On Wed, 9 Apr 2008, Ravi Varadhan wrote:

> Hi,
>
>
>
> I have a data file, certain lines of which are character fields. I would
> like to skip these rows, and read the data file as a numeric data frame. I
> know that I can skip lines at the beginning with read.table and scan, but is
> there a way to skip a specified sequence of lines (e.g., 1, 2, 10, 11, 19,
> 20, 28, 29, etc.) ?

Not within scan, but you can do it within the connection that scan reads.

If the file is small, just read it all with readLines, select the lines you want (mydata[-c(1,2,10,11...)]) and use that as the input to a textConnection. If it is large, read a line at a time, discard when it is one to be skipped otherwise write to an anonymous file() connection. Then read.table on the anonymous connection.

Or use perl/awk within a pipe() connection.

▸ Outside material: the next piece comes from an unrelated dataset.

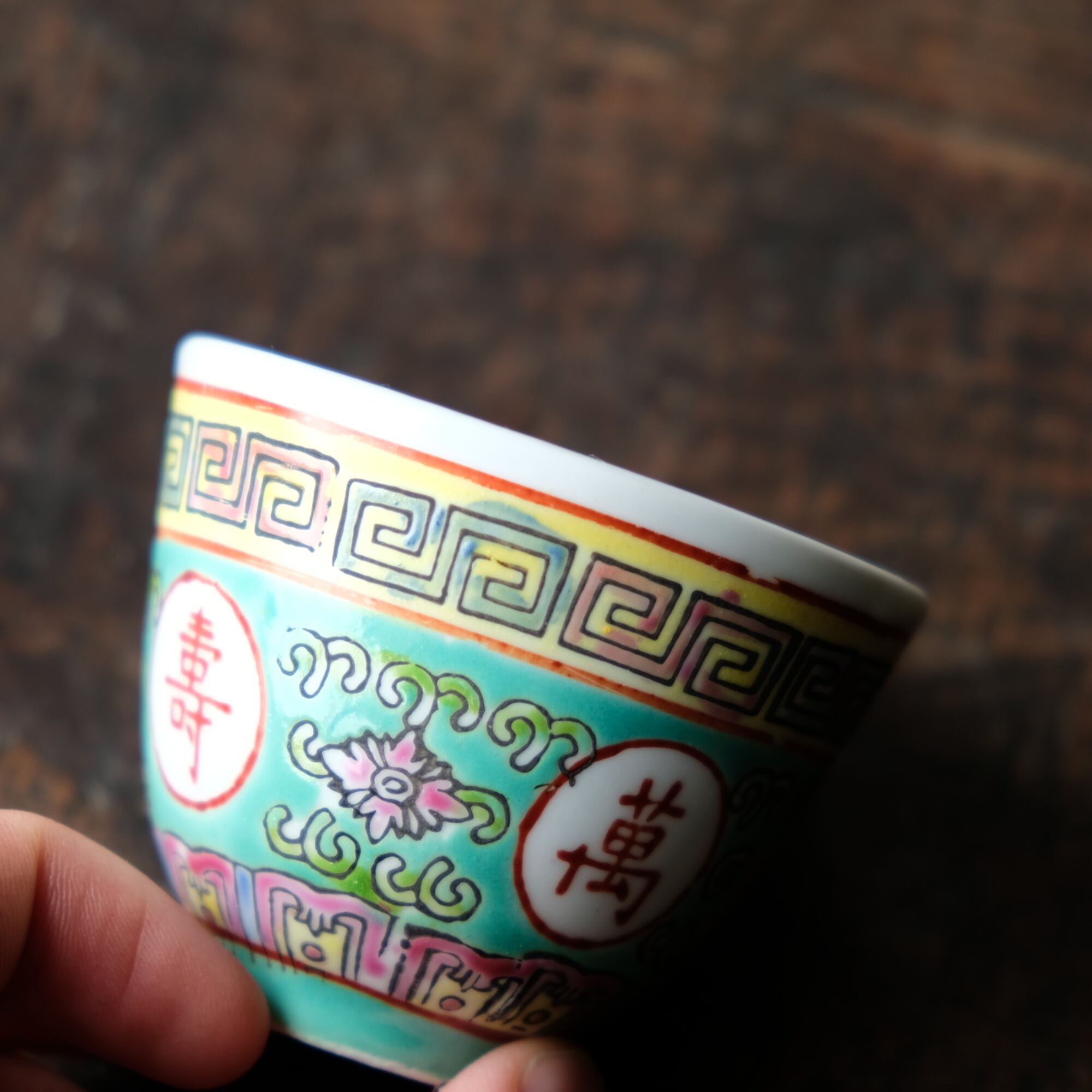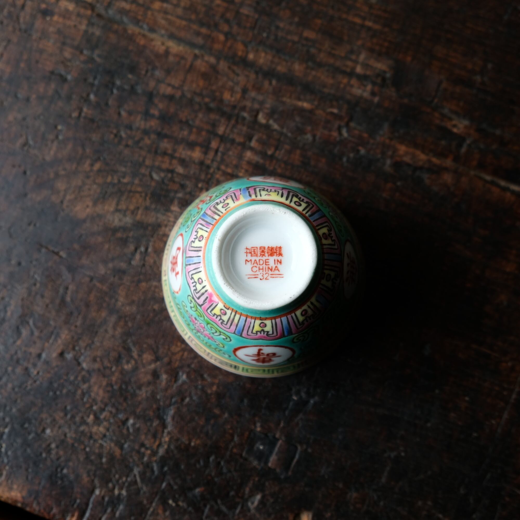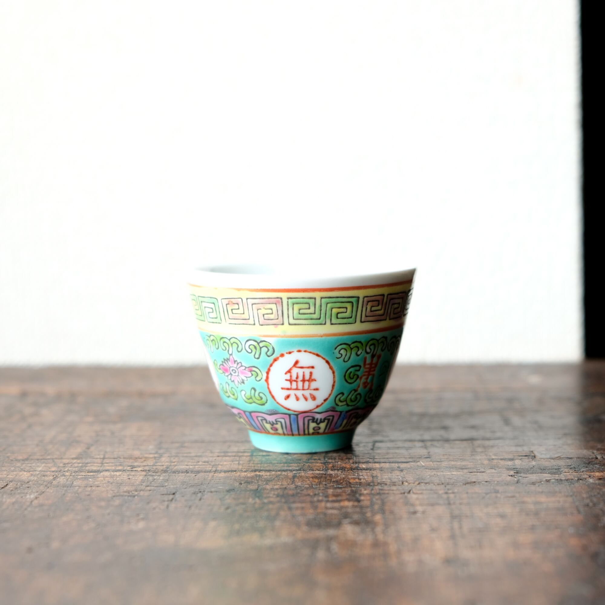 チャイナレトロで可愛い◇萬壽無彊。中国景徳鎮 花文色絵猪口 茶杯 花唐草 中華・台湾料理 ビビットグリーン

> If I read the entire data file, and then delete the character fields, the
> values are still kept as factors, with each value denoted by its level.
> Since, I have continuous variables, there are as many levels as there are
> values. I am unable to coerce this to "numeric" mode. Is there a way to do
> this so that I can then manipulate the numeric data frame?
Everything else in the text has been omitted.